The combination of these factors mid-week helped stop the U.S. dollar’s down trend since the beginning of the year. However, U.S. dollar strength emerged as President Trump’s re-affirmed the implementation of 25% tariffs on Canada and Mexico that are set to go into effect on March 4th. Thursday’s stronger than expected U.S. economic data (Gross Domestic Product, Durable Goods Orders, and Initial Jobless Claims) swung some market participants to factor in the Federal Reserve Bank will slow down the pace of interest rates cuts later this year.
Today, the Federal Reserve Bank’s preferred inflation measure, Personal Consumption Expenditures (PCE) price index rose 0.3% from December and 2.6% from last year offering some relief on the inflation front.
Mar-a-Lago Accord : Potentially Plaza Accord 2.0?
One of the interesting ideas floating around in the financial press gaining coverage is something called the “Mar-a-Lago Accord”. Named after President Trump’s residence in Florida, parallels are being made between the Trump administration possibly abandoning the long-held U.S. strong dollar policy to help reverse the course on the U.S. trade deficits with most of its major trading partners and the Plaza Accord in 1985.
The Plaza Accord was an agreement between the U.S., Japan, West Germany, France and the U.K. to depreciate the U.S. dollar to correct trade imbalances, particularly the U.S. trade deficit by making U.S. exports more competitive. One of the main monetary policy tools used was central bank intervention. The central banks of the U.S., Japan, West Germany, France and the U.K over a period of time sold the U.S. dollar to drive it lower.
To see this effect on the value of the dollar, see the below chart of the U.S. dollar index.

President Trump’s nominee to head the White House Council of Economic Advisors (Dr. Stephen Miran - yet to be confirmed by the U.S. Senate) published a white paper on November 12, 2024 entitled ‘A User’s Guide to Restructuring the Global Trading System’. Dr. Miran currently is with Hudson Bay Capital (a hedge fund) and previously served as a senior advisor to the U.S Treasury during President Trump’s first term. He also comes with an academic pedigree with a Ph.D in economics from Harvard.
In this thirty-eight-page white paper, Dr. Miran argues the effect of President Trump’s anticipated tariffs will drive up the value of the U.S. dollar. To counteract this, the U.S. administration should consider policy tools both multilaterally and unilaterally that would drive down the U.S. dollar.
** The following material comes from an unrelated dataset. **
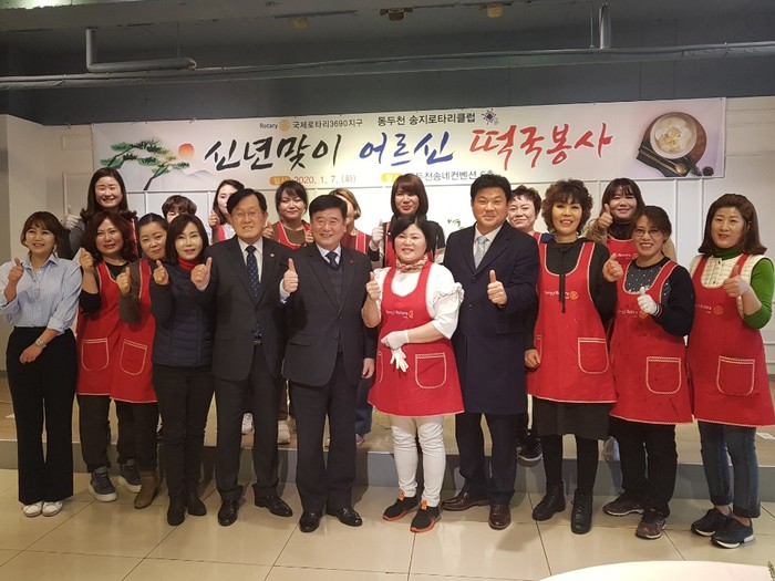 경기 동두천시자원봉사센터 송지로타리클럽이 7일 송내컨벤션에서 '신년 맞이 어르신 떡국 봉사'를 진행했다. 이날 회원 20명이 직접 끓인 떡국을 노인 180명에게 대접했다. 사진은 행사에 참석한 최용덕 시장(앞줄 가운데)과 관계자들의 기념촬영 모습. (사진제공=동두천시청)
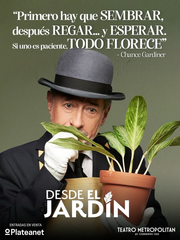 “Desde el Jardín” cuenta la historia de Chance Gardiner (Guillermo Francella); unhombre de inteligencia limitada, criado toda su vida dentro de la mansión de un rico benefactor. No sabe leer ni escribir; su único conocimiento proviene del cuidado del jardín y de lo que ve en la televisión, su único contacto con el mundo. Cuando el benefactor muere y Chance es expulsado de la casa, viéndose obligado a integrarse a la sociedad.

In the conclusion of the white paper, he says ‘There’s a path by which the Trump Administration can reconfigure the global trading and financial system to America’s benefit, but it is narrow, and will require careful planning, precise execution, and attention to steps to minimize adverse consequences.’
It seems U.S. Treasury Secretary Scott Bessent might share similar sentiments. This past June before Trump’s election, he was quoted as saying ‘some kind of grand economic reordering’ might be needed in the coming years.’
In the United States, to execute foreign exchange intervention, the U.S. Treasury instructs the Federal Reserve Bank. From there, the Federal Reserve Bank intervenes in the foreign exchange markets. The head of the U.S. Treasury reports to the President of the United States.
As the Trump presidency has demonstrated the pathway from idea to execution (or at least pending execution) can be quick, the summoning of U.S. intervention in the foreign exchange markets to counteract the unwanted effects of tariffs or other trade policies could have an effect of increased U.S. dollar volatility.